Abstract

OBJECTIVE: Our purpose was to assess the level of agreement between oxygen saturation values obtained from two identical sensors used on different sides of the face of the same human fetus during labor. STUDY DESIGN: Two identical fetal pulse oximeter sensors were placed on 12 fetuses during uncomplicated labor at ≤38 weeks' gestation. Oxygen saturation, fetal heart rate, and uterine activity were recorded. The agreement between synchronous values of oxygen saturation was assessed by calculating the mean difference and SD of the difference.

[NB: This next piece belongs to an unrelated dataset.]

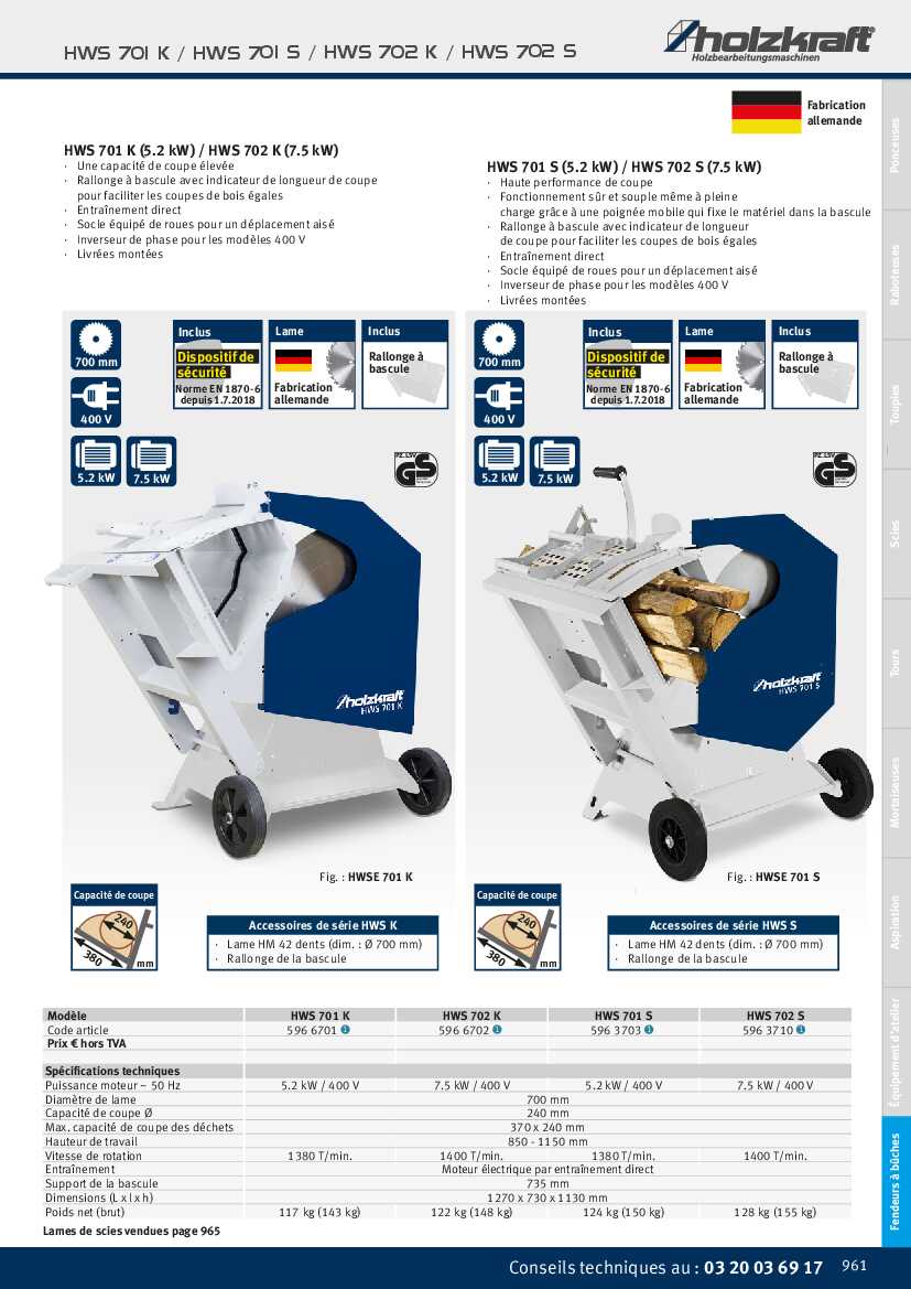 Spécification: Scie à chevalet Holzkraft HWSR 702 K

The SD of a single sensor was estimated as the SD of the difference divided by the square root of 2. RESULTS: The mean oxygen saturation value returned from one sensor was 49.2% and from the other 49.9%; the mean difference was −0.7%. The SD of the difference was 7.5%, and the 95% limits (±2 SDs of the difference) were −15.5% to 14.1%. The SD from a single sensor was estimated as 5.3%. CONCLUSIONS: There was no clinically significant difference between the oxygen saturation values returned from two identical sensors on the one fetus. The magnitude of the SD from a single sensor must be taken into account when an arbitrary “cutoff” or “action” oxygen saturation value in a clinical setting or trial is defined. (AM J OBSTET GYNECOL 1996;174:1594-8.)